Task 4A. Implement a function, sortLength, that checks the following property: the result of
sorting some input must have the same length as the input.
Task 4B. Implement a function, sortHead, that checks the following property: if the input is
not empty, then the head element of the sorted input is the least element of the input.
Task 4C. Implement a function, sortIsSorted, that checks the following property: the result of
sorting some input is in sort-order, i.e., the result is a non-decreasing list.
Task 4D. The following is a functional specification of all sorting functions:
sortSpec :: (Ord a) => ([a] -> [a]) -> [a] -> Bool
sortSpec sort input =
elem (sort input) (permutations input) && sortIsSorted sort input
That is to say, a function sorts its input if the output is a permutation of the input and the
output is in sort-order.2
With the following (incorrect) implementation of qsort, provide two values, example and

counterExample, that are an example and a counter-example, respectively, for the sortSpec func-
tional specification with respect to the qsort function.

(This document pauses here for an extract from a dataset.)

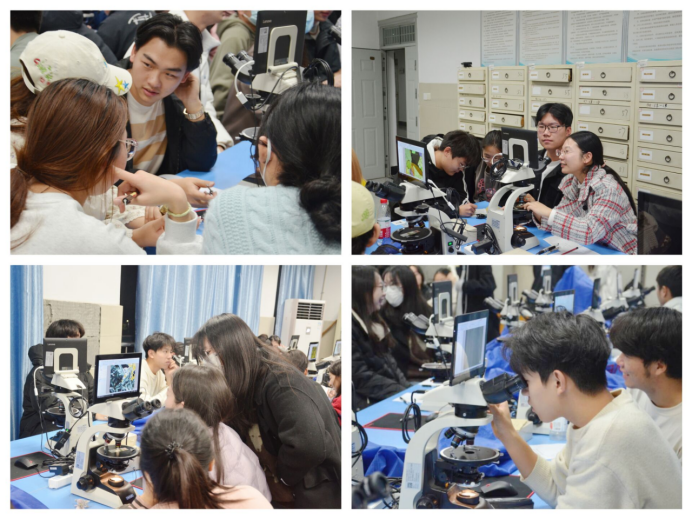 12月8日晚七点,“地质标本鉴定”类比赛在实验楼A406如期举行,地科系尚成、严溶老师,学工办姚佳、黄瑱老师参加活动。同学们借助显微镜,对岩石薄片进行仔细观察和分析,大家聚精会神,一边在实验记录本上做着详尽的笔记,一边积极讨论力求完善分析结果。最终,每个队伍在规定时间内完成实验报告的撰写并提交给评委老师评定。

qsort :: (Ord a) => [a] -> [a]
qsort [] = []
qsort (pivot:rest) = qsort lesser ++ [pivot] ++ qsort greater
where lesser = filter (< pivot) rest
greater = filter (> pivot) rest

That is, sortSpec qsort example should be True and sortSpec qsort counterExample
should be False.
Submission and Marking: Your answer should be submitted on Grok. You will find the
submission format explained there. You will receive some feedback from some elementary tests.
These merely check that your input has the correct format; they should not be relied upon for
correctness. We will test your solution comprehensively after the deadline. Your functions should
hold only for the properties asked. Each of Task 4A, Task 4B, and Task 4C are worth 0.5 marks,
each based proportionally on the number of test cases passed. Task 4D is worth 0.5 marks, with
0.25 marks awarded for each correct value provided.
2Note: this specification depends on the definition of the property from Task 4C that you must implement yourself.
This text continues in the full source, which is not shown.